Google analytics versus random variation

Ted Dunning writes:

Google analytics normally does a pretty good job of dealing with statistical issues. For instance, the Google website optimizer product does a correct logistic regression complete with error bars and (apparently) Bayesian analysis of how likely one setting is to actually be better than another.

But their demo of their latest visualization product is worth a write-up. They seem to ascribe volumes of meaning to a variations in small count statistics.

As Aleks knows, I can’t bear to watch videos. I like the idea of dynamic graphics, but I can’t stand the lack of control that comes from watching a video. I like to read something that I can see all of at once.

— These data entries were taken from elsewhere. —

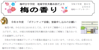 令和8年度 「ボランティア活動」登録申し込みのお願い 梅花の候、みなさまにおかれましては、ますますご健勝のこととお喜び申し上げます。また、日頃は本校地域学校共働本部の活動にご理解とご協力をいただき感謝...
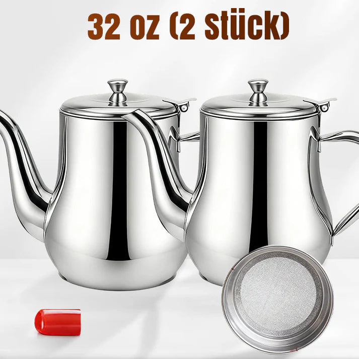 Der Ölsiebtopf ist zweckmäßig, Sie können ihn zur Aufbewahrung von Öl und Filter verwenden. Das Adlerschnabeldesign verhindert das Auslaufen von Öl und macht das Ausgießen von Öl reibungsloser.
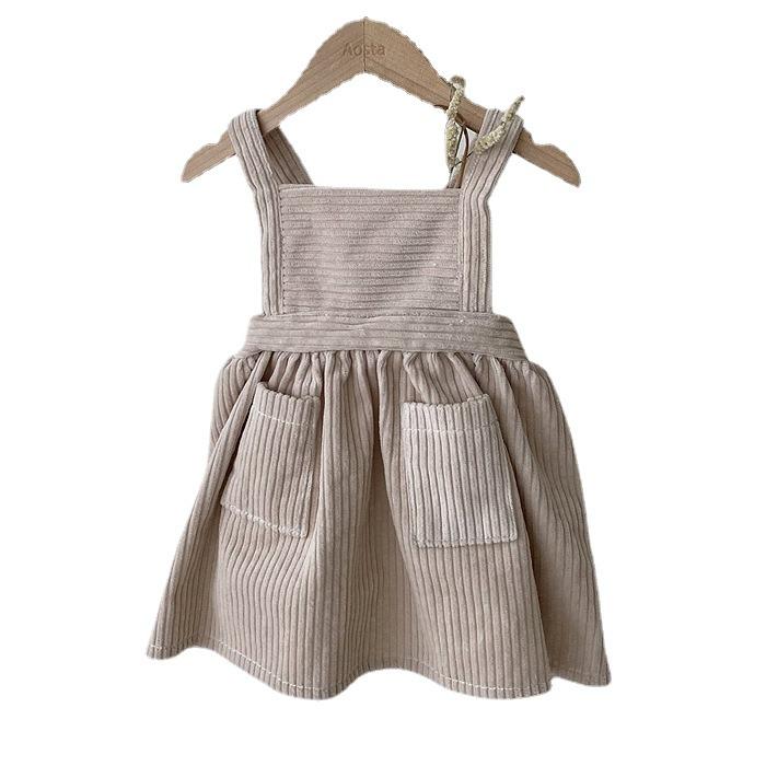 ワンピース ベビー キッズ 春秋 韓国風 コーデュロイ 背心裙 ノースリーブ Aラインスカート ベージュ ブラウン 綿100%
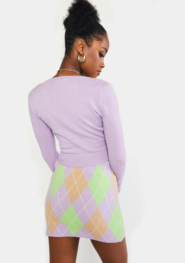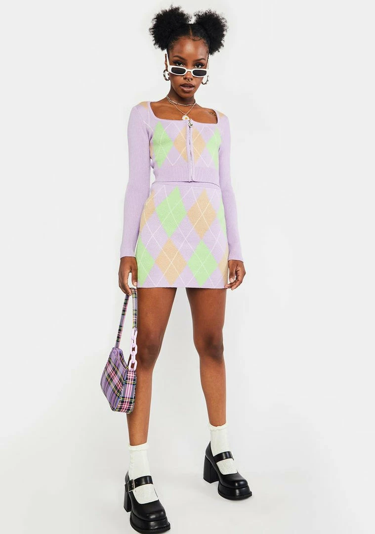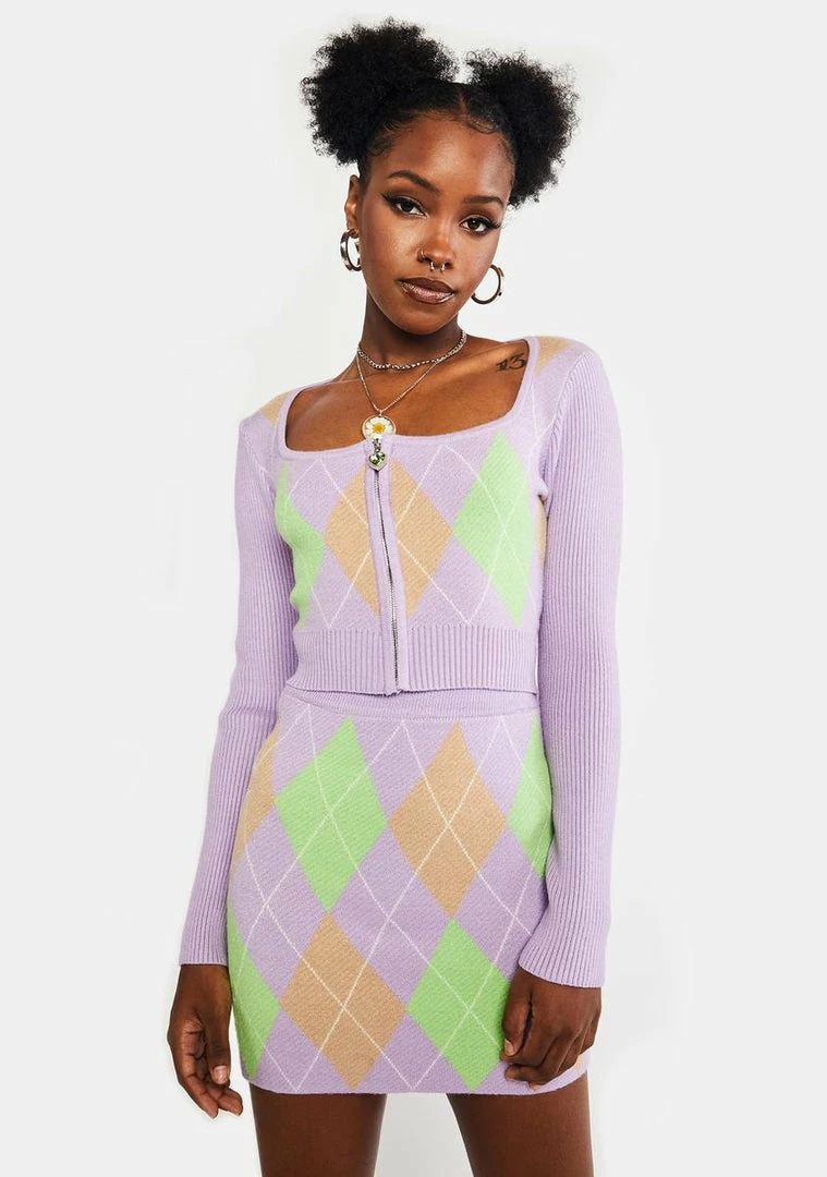 you’ve got class and sass. This ribbed knit cardigan top has a square neckline, a zip-up closure with a gem heart charm, and an argyle pattern on the front.

But the Google tool looks pretty cool. Also, I didn’t know they did Bayesian logistic regression. I wonder what prior distribution they use? This is a topic that my colleagues and I have thought about.

Ted continues:

I don’t know that they do Bayesian logistic regression. I have compared their results on a few cases to your R code (bayesglm) and to non-Bayesian results (glm). The results from all three (Google, glm, bayesglm) were indistinguishable. I suppose that is good news from the standpoint of choice of prior. The only advantage in practice to a Bayesian process would be that having a decent prior would prevent the system from having bad transients when data collection is begun.

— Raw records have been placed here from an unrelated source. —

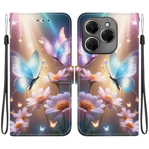 Funda de Cuero para Tecno Spark 20 Pro con Dibujo de Colores y Textura de Cristal (Mariposa, Amor y Flores)
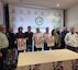 El presidente de la asociación organizadora, Javier García, la presidenta del Banco de Alimentos de Badajoz, Cristina Herrera, y el concejal de Turismo, Rubén Galea, han presentado esta actividad solidaria, en la que el donativo de 3 euros incluye un plato de migas, una loncha de jamón ibérico y bebida.
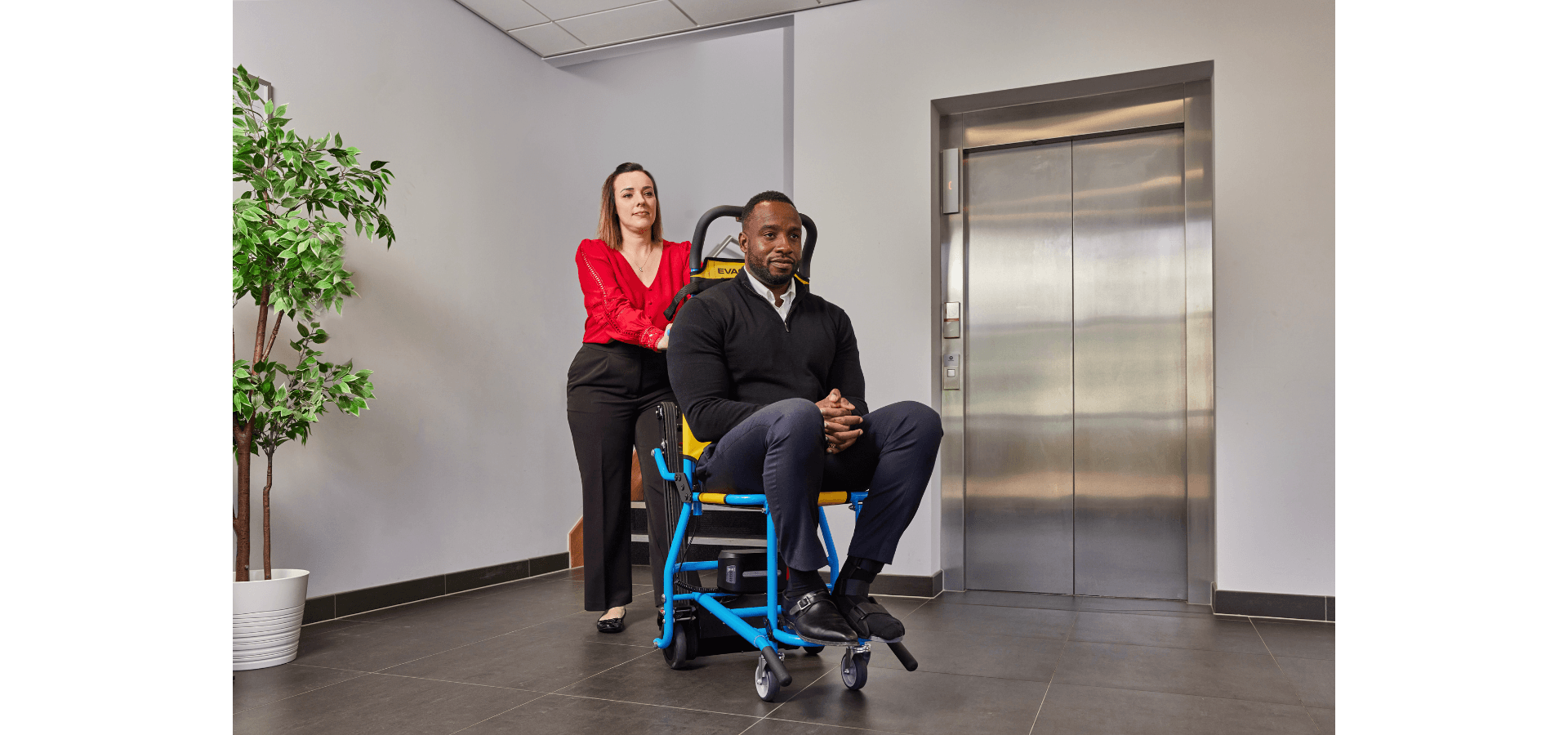 To ensure you select the most suitable Evac+Chair for your organisation, book a complimentary Evacuation Assessment conducted by our nationwide team of specialists. Alternatively, use our Evac Xpert™ tool for a quick and easy way to choose your evacuation chair. Where multiple staircases exist within your organisation, we strongly recommend a complimentary Evacuation Assessment to guarantee the right Evac+Chair at every stairwell – ensuring maximum safety, swift evacuation and peace of mind for your entire organisation.

The Bayesian-ness that I was referring to was the computation of whether a design option was a good choice. They present these result in terms of probability that a design option would be better than the original design and probability that the design option is the best choice of the ones shown. The computation of these probabilities is inherently Bayesian since it involves integration over the posterior. I have long advocated this way of presenting results to decision makers and am happy to see Google using it. In fact, I generally go one step further since business decision makers usually don’t care if they have the absolute best answer and do care about getting answers sooner. The number that I present in these problems is usually the probability that a design option will be within x% of the best design (I call this score viability). This score has the nice property that when an option really doesn’t matter, viability of both options will increase to 100% as more data is collected.

I completely agree with Ted’s point. There’s lots of statistical writing on how to estimate rankings. But, from a decision-analytic point of view, it’s very rare that you’d care about rankings at all! Especially in settings with many options and noisy data.